(EXERCISE INPUTS begins)
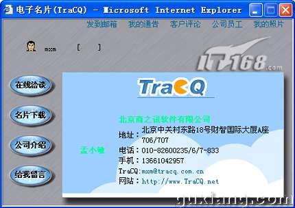 另外,如果您想找拥有TraCQ电子名片的用户,只需在IE浏览器里直接输入http://xxx.tracq.net/其中“xxx”代表用户名或ID号,就可以找到用户的电子名片和网站。这样,用户就在网络推广的同时实现了品牌保护在网上的延伸。同时,新版“网络电话”的推出,也为TraCQ电子名片用户间的商务活动提供了更为便利的沟通途径。
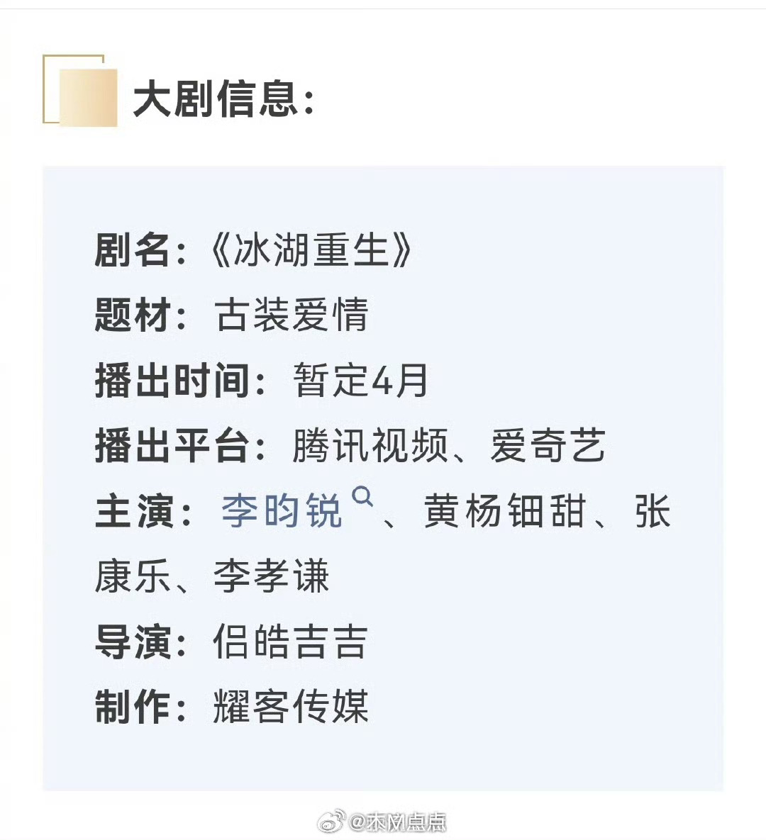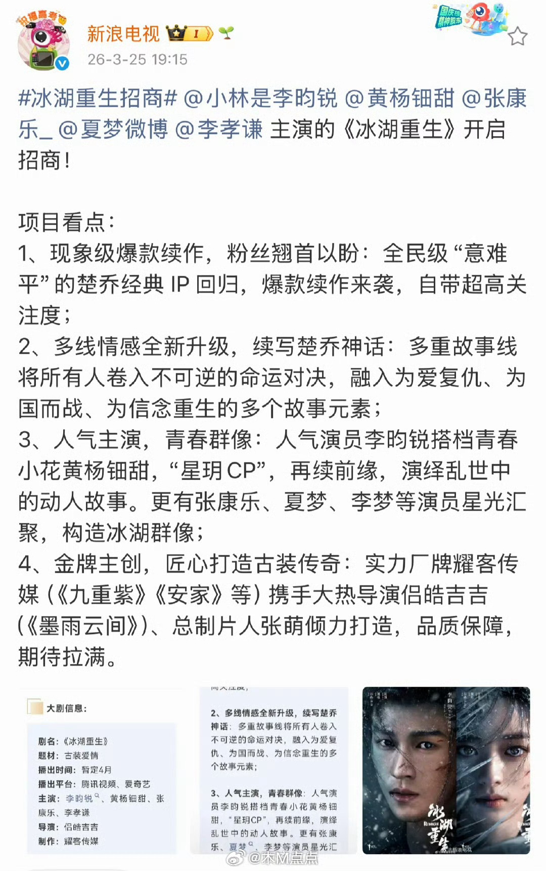 冰湖重生双平台接档逐玉 冰湖重生招商简介,人气主演李昀锐搭档青春小花黄杨钿甜再续爆款,这是要播了吧?实话实说就是黄杨钿甜没有隐退过,不存在复出二字。风波平息后正常营业剧宣。
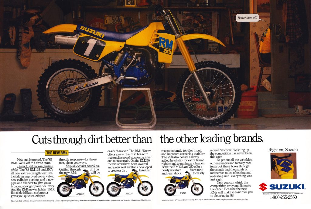 Suzuki fell on some really hard times in the mid-eighties with a run of sub-par machines that failed to live up to the excellent reputation they had established in the late seventies. Even the RM’s once impeccable reputation for suspension excellence came into question with the retirement of the original Full Floater design in 1986. That same year, Suzuki hired motocross legend Bob Hannah away from Honda and he set about righting team Yellow Magic’s trouble motocross program. In 1987, the introduction of a more conventional bottom-link rear suspension system and a redesigned motor brought the RM250 back from the brink of irrelevance, but its oddball ergonomics and quirky construction continued to limit its appeal. In 1988, Suzuki updated the ergonomics with a new tank that lowered the radiators a full two inches and slimed up the pilot’s compartment. Suzuki also cured the stalling problems of 1987 with a new Mikuni “Slingshot” carburetor that improved response and finally added an idle circuit. These changes and some additional motor tweaks added up to a much-improved machine. The RM’s motor and suspension were excellent and the new tank gave the bike a more modern feel. The rest of the bodywork remained slightly cobby, but overall ergonomics were no longer a handicap and many felt the revamped RM250 was the best overall machine available in 1988.
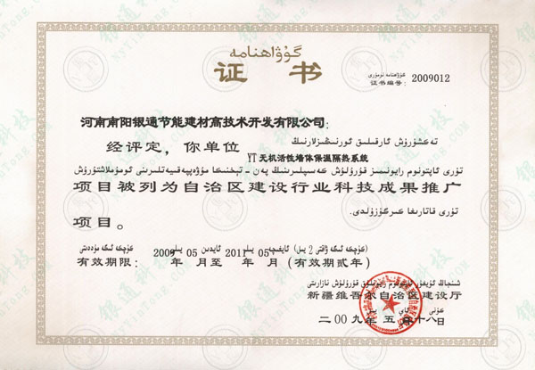 新疆省建筑節能產品核準證書 有效期限:2009年05月至2011年05月,有效期兩年
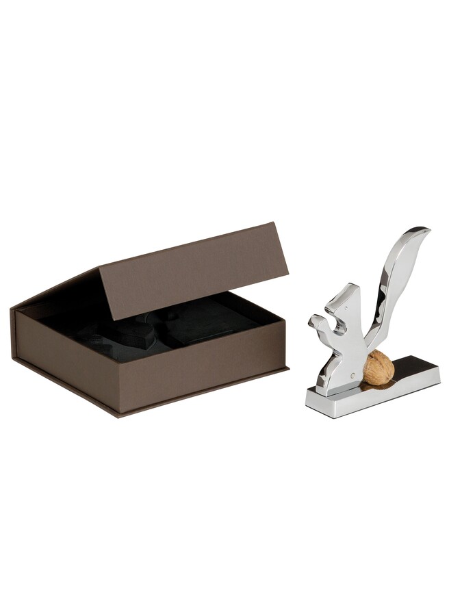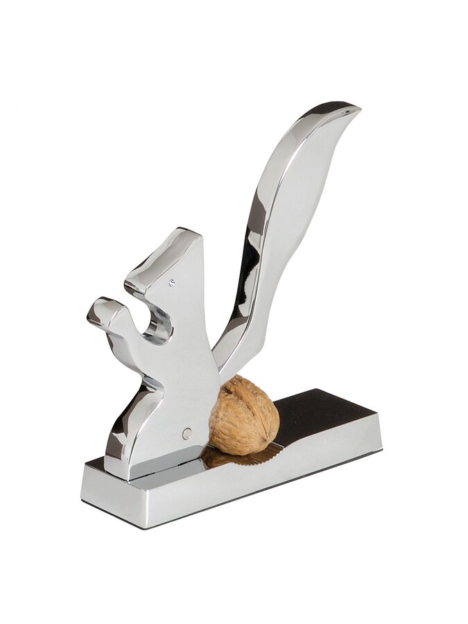 Robusto schiaccianoci cromato con base d’appoggio a forma di scoiattolo, idea regalo bomboniera.
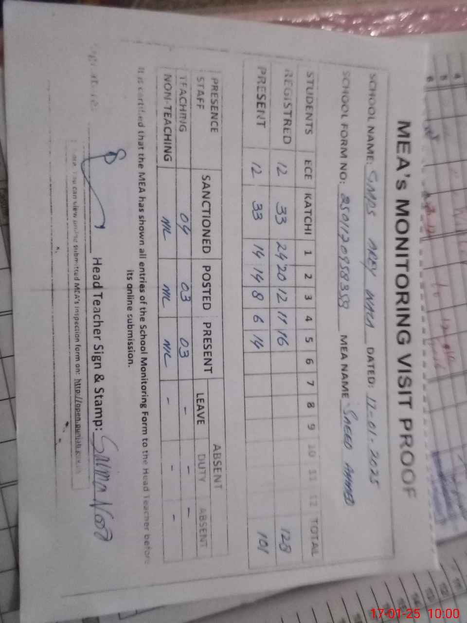 | Attendance Register | Head Teacher | MEA with School | Visit Proof |
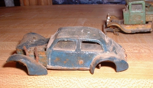 40 ford boneyard progress - Dave Harris sctchbld - 12-20-2008 OK !!!!!! IT WORKS!!! Till there is a vehicle forum this will just have to do. Here are a few pics of the progress on the 1/64 ( S scale) hotwheels 40 coupe that is nearing boneyard status. It still needs the bumpers, wheels & tires on the front, The rear end & trans are built but will not be in place , just placed in the scene when it goes in the diorama. If any of you ever had a 40 Ford you will recognize the "Jump seat" behind the drivers position . If you look close you can see the bell housing of the engine showing thru the firewall with a flywheel & ring gear . ( It's the blue thingie) Re: 40 ford boneyard progress - Ralph - 12-20-2008 That's amazing. People visiting your layout must stop and linger at your scrap yard! Ralph Re: 40 ford boneyard progress - Dave Harris sctchbld - 12-20-2008 Looks like 3 pics at a time is the limit. OK heres 3 more. Man ,thAt WAS A QUICK response Ralph , thanks. Actually these boneyard cars will be a stand alone diorama when I get enough of them done, my railroad stuff is HO Re: 40 ford boneyard progress - Charlie B - 12-20-2008 Dave. I'm sure glad you have come over too. You make Fred Sanford look like a piker. Why don't you just start your own vehicle thread, In fact why don't we have the moderator rename this Thread "Dave's junked vehicles". I think this deserves all the recognition it can get, and I hope you post the Hudson truck here too. Charlie Re: 40 ford boneyard progress - Dave Harris sctchbld - 12-20-2008 Here are the last two & one of a 34 Packard in progress. If any one wants more of the Packard let me know. I have a lot more cars in progress & a number finished but I suspect most of you have seen them in the old neighborhood, let me know if not & I'll put them on here. Re: 40 ford boneyard progress - Dave Harris sctchbld - 12-20-2008 Charlie B Wrote:Dave. Funny , My son says the same thing ( Fred Sanford) but hes talking about the front yard. Thanksfor the enthusiam & kind words , It takes another modeler to appreciate what it takes to wreck a car-- non modelers think you just beat them with a hammer or put them in a vise--- I've had people say exactly that when they see them , or when they see the burned out 50 Ford ask if I did it with lighter fluid or gasoline !!
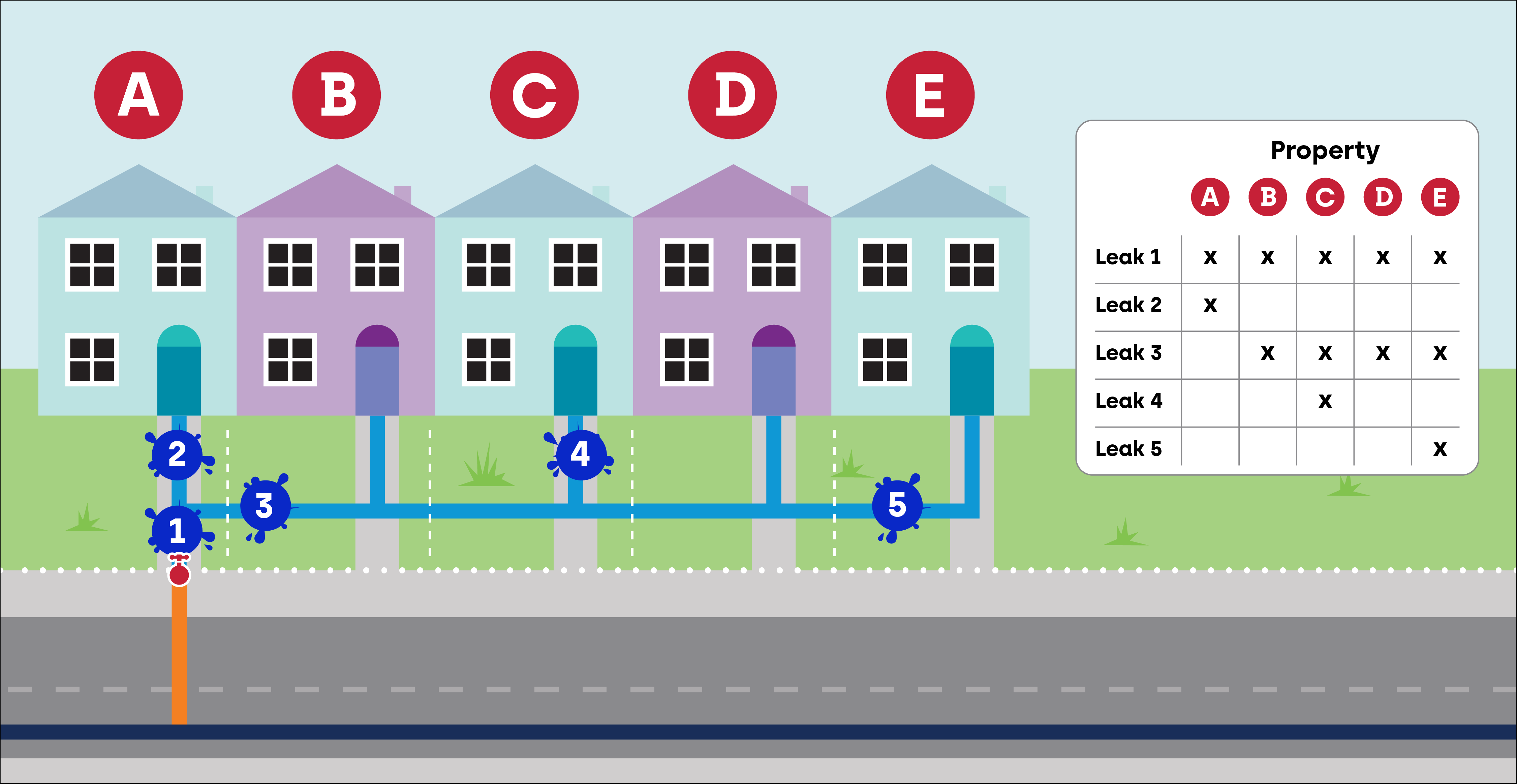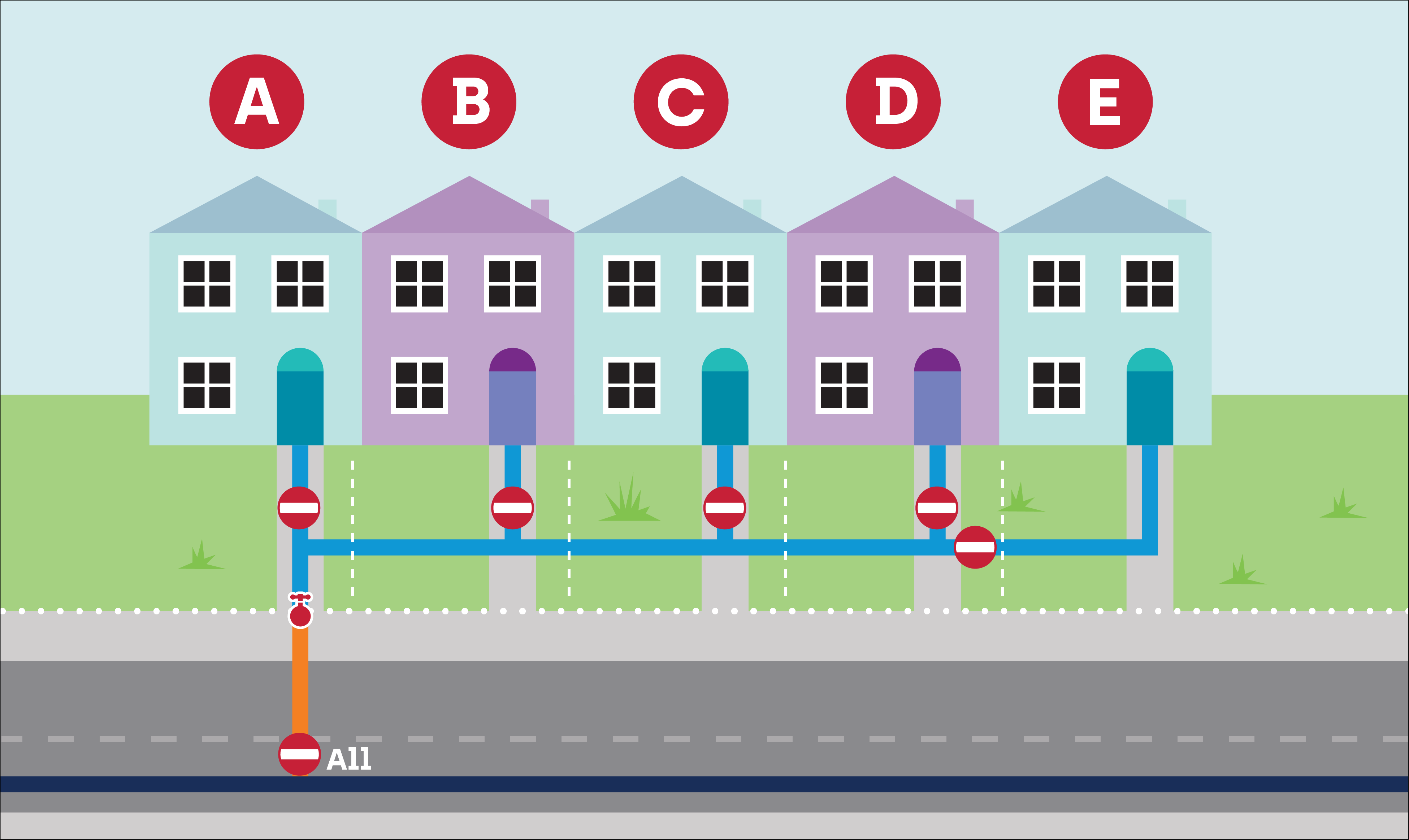 Joint supplies can be complicated as they can serve multiple properties. The diagram below should help you understand your responsibilities should you experience a leak. Find out more about leakage.
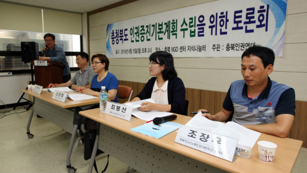인권연대는 지난 15일 충북NGO센터 회의실에서 ‘충청북도인권증진기본계획 수립을 위한 토론회’를 진행했다. 이날 토론회에서 노동인권, 여성, 노인, 장애인, 아동, 이주노동자 분야에 대한 실천 과제가 제시됐다.
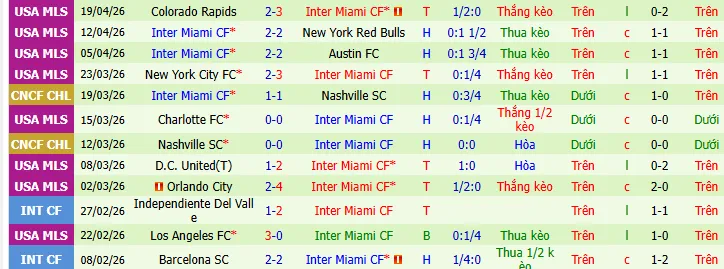 + Inter Miami thắng 8, hòa 1 và thua 8 trong 17 trận gần nhất trên sân khách theo kèo châu Á.
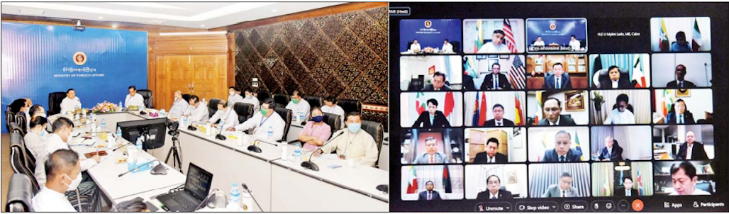 【缅甸金凤凰讯】9月6日,缅甸外交部部长吴温纳貌伦和国际合作部部长吴哥哥莱以视频方式与缅甸驻外国大使、常驻代表、总领事、使馆代办举行会议,向与会者说明国家管理委员会主席、国家总理的指导方针,强调须对于外部报道的不实信息及时澄清和作出回应。
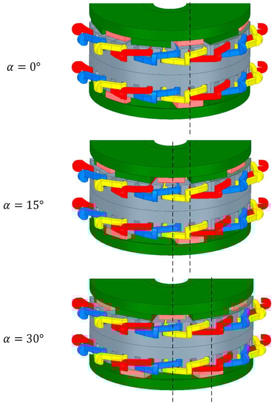 The aim of this publication is to analyze the parameters and efficiency of the machine when changing the geometry of the magnetic circuit, which involves rotating the rotor discs relative to each other. This is possible because of the rigid connection of the rotor discs with each other by a ferromagnetic bushing. The discs were rotated by an angle α = 0÷30° mechanical, which is equivalent to shifting by half of a magnetic pole. It was assumed that increasing the angle α beyond 30° would cause symmetrical changes. The shifts of the rotor by three characteristic angles α = 0°, α = 15°, and α = 30° are presented in Figure 5.
(EXERCISE INPUTS ends)
# [PROBLEM]
The lines above from the line with "新疆省建筑節能產品核準證書 有效期限:2" through the line with "Visit Proof |" are to be given again word for word, with no pictures among them.

# [REPLY TO THE EXERCISE]
 新疆省建筑節能產品核準證書 有效期限:2009年05月至2011年05月,有效期兩年
 Robusto schiaccianoci cromato con base d’appoggio a forma di scoiattolo, idea regalo bomboniera.
 | Attendance Register | Head Teacher | MEA with School | Visit Proof |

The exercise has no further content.